Айви подошла к низкой скамье и подняла сиденье, оказавшееся крышкой гроба с бархатной обивкой.
— Ложись туда, — сказала Айви.
Спать в гробу? Тревожно зашевелились всякие задние мысли. То есть не то чтобы уж совсем задние, но, во всяком случае, далеко не передние. Однако другого выхода не было.
Она забралась в гроб и легла на спину. Мэрфи ткнул пальцем покачнувшуюся ступку.
— Теперь давай сюда.
Лакуна хотела возразить, но обнаружила вдруг, что плывет к быстро увеличивающейся ступе. Она ухватилась за медные края и залезла внутрь. Ступа теперь была как раз ее размеров: встав, Лакуна, могла выглядывать наружу.
Ее чудовищно огромное тело лежало в гробу и выглядело совершенно бессмысленно.
Лакуна отвернулась, и ступа немедленно пришла в движение. Комната, а затем и замок исчезли.
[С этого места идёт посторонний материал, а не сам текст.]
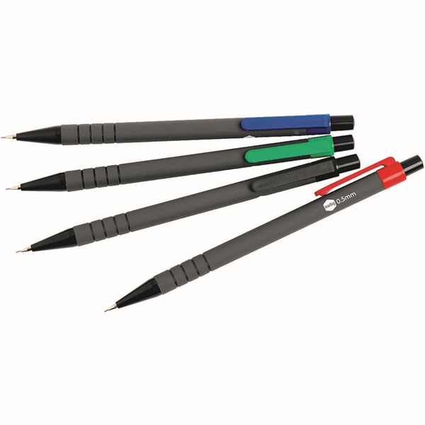 Marbig mechanical pencil with eraser has a cushioned grip for greater comfort and control The pocket clip makes this pencil easy to carry with you Round barrel is comfortable to hold and write with Comes with a built in eraser to amend any mistakes and lead to get started right away Perfect for everyday writing and drawing Stylish mechanical pencil for home, office and school use
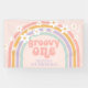 Moda de inspiración retro con un cartel de primer cumpleaños con arcoiris pastel de estilo hippie y margaritas

Путешествие началось.
Ступа накренилась и полетела вниз. Лакуна вцепилась в края обеими руками. Она пронизывала область теней и облаков. За облаками слабо вспыхивали молнии, обозначая на секунду причудливые контуры. Некоторые облака напоминали очертаниями огромные уродливые лица.
Одна из туч разинула большой рот, и ступа прямо в него и влетела. Сцена изменилась; теперь вокруг плавала всякая всячина из царства снов. К Черту в ступе! Кто бы мог подумать! Во всяком случае, пока было интересно.
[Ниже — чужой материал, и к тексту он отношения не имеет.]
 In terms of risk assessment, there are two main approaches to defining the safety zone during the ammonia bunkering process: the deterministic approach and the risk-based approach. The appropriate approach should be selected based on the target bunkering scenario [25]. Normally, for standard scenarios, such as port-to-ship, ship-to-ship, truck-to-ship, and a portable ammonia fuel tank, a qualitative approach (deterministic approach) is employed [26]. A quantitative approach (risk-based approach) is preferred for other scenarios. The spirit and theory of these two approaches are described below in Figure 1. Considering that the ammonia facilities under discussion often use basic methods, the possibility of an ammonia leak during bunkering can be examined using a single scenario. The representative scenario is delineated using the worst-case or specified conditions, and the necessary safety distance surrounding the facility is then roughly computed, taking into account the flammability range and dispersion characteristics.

Интересное быстро становилось причудливым — начиналась область ночного бреда. Мелькали искаженные очертания людей, животных и предметов; болтались адские крючья, явно поджидавшие, пока кто-нибудь заснет. Лакуне редко снились кошмары, уж такой вот скучной была ее жизнь. Чтобы заслужить ночной бред, нужно хоть что-нибудь натворить наяву.
В отдалении какая-то неясная фигура с ломом откалывала номера. Откалываясь, номера становились крупнее и отчетливее. Выглядели они все довольно странно. Иной был похож на человека с крюками вместо рук. Иной — на барахтающийся и мяукающий мешок. А еще у кого-то на голове росли крохотные яблоньки.
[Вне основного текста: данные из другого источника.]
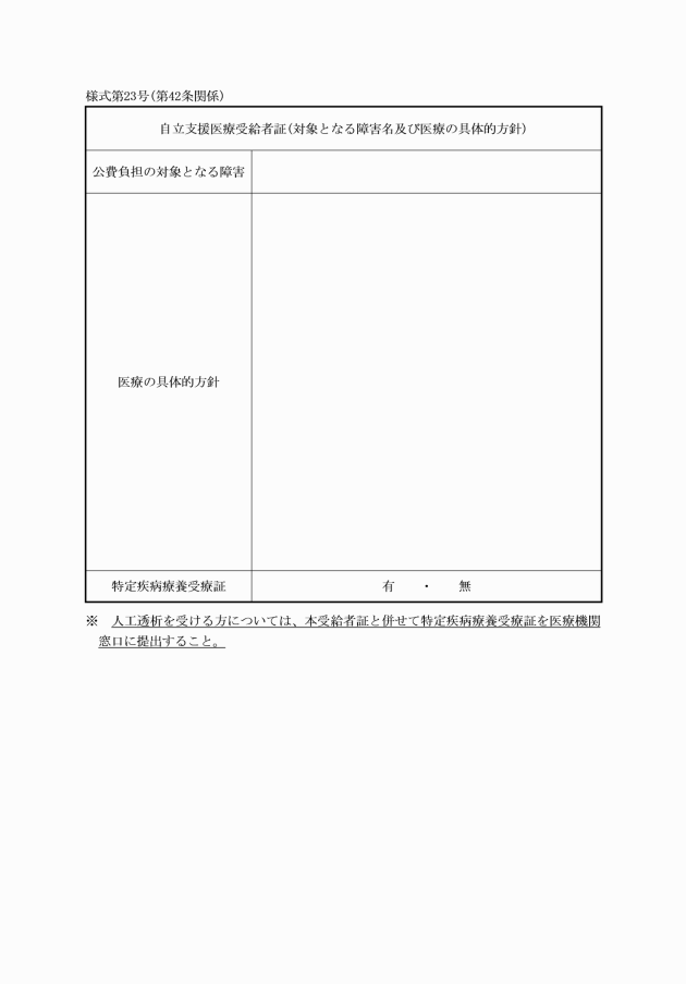 第41条 施行規則第35条第1項に規定する申請書は、自立支援医療費(育成・更生)支給認定申請書(新規・再認定・変更)(様式第22号)とする。

Внезапно Лакуна поняла, в чем суть.
— Фигуры речи! — воскликнула она. — Здесь же все понимается буквально! Руки-крюки, кот в мешке, голова садовая!
Да, этому народцу приходилось, пожалуй, похуже, чем ей, и это наполнило сердце Лакуны жалостью. Как все-таки это ужасно, когда тебя понимают буквально.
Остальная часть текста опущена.